Ярче разгораются в небе звезды, ярче горят плошки и факелы на земле. Гости, разместившиеся во дворе, бойко шелушат семечки, весело переговариваются и смеются; взвизгивают девки и бабы от внезапных щипков. Скрипят, надрываются гармошки, - во дворе, как и в конторе, с каждой минутой все веселее и веселее.

- Господа... господа!.. Я говорю: культура Запада, культура, господа, германских и прочих государств воплотилась, господа, в нашем краю...

У городского головы пересыхает горло. Он проглатывает слова.

- Фома Кузьмич, господа... Одним словом... Чугунный завод в нашем краю... И прошу, господа, выпить за чугунный и за германские государства!.. И чтоб, господа, нашему Фоме Кузьмичу здравствовать, украшать наши кладбища... Виноват, господа, не к месту будь сказано... Украшать чтоб Фоме Кузьмичу нашу смерть... Многая лета!..

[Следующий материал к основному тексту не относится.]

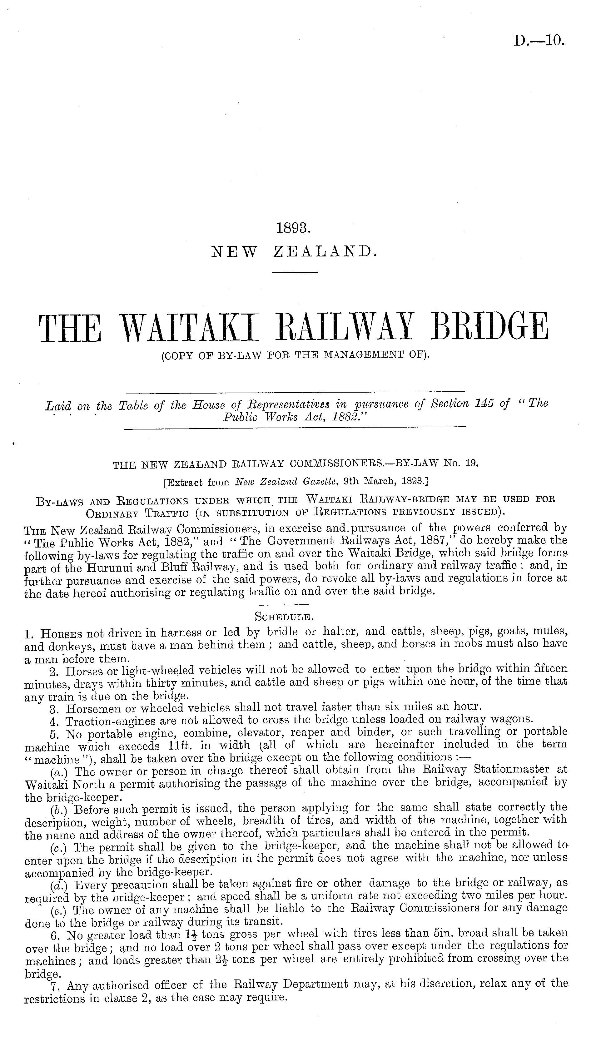 THE NEW ZEALAND EAILWAY COMMISSIONERS.—BY-LAW No. 19. [Extract from New Zealand Gazette, 9th March, 1893.] By-laws and Eegulations undeb which the Waitaki Bailway-bbidge may be used foe Oedinaey Tbaffic (in substitution of Begulations previously issued). The New Zealand Eailway Commissioners, in exercise and. pursuance of the powers conferred by " The Public Works Act, 1882," and " The Government Eailways Act, 1887," do hereby make the following by-laws for regulating the traffic on and over the Waitaki Bridge, which said bridge forms part of the Hurunui and Bluff Eailway, and is used both for ordinary and railway traffic ; and, in further pursuance and exercise of the said powers, do revoke all by-laws and regulations in force at the date hereof authorising or regulating traffic on and over the said bridge.
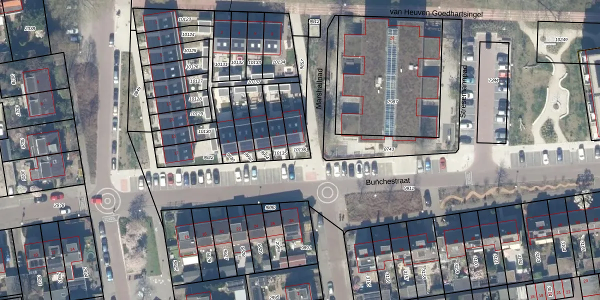 Gebruik de zoekbalk of klik op een perceel om informatie over het perceel te bekijken.

И хор гремит: "Многая лета... Многая лета!.."

А Филимонов крутит головой, захлебываясь от смеха, рассказывает соседу по столу:

- Потеха!.. На масленой в Москве мы с Фомой... Вот уж где почудили... Дела-а!..

Егор Иванович Лисогонов долго вертелся около главного стола, за которым сидел хозяин с самыми знатными людьми города, мешал официантам, а присесть ему негде было. Уж если дядя-аптекарь попал на задворки, в самый конец другой комнаты, то... Переходил Егор Иванович от стола к столу, из одной комнаты в другую и очутился на крыльце. Посмотрел на пирующих во дворе - и там негде приткнуться... "Разве вот здесь, с краю, где девки сидят..."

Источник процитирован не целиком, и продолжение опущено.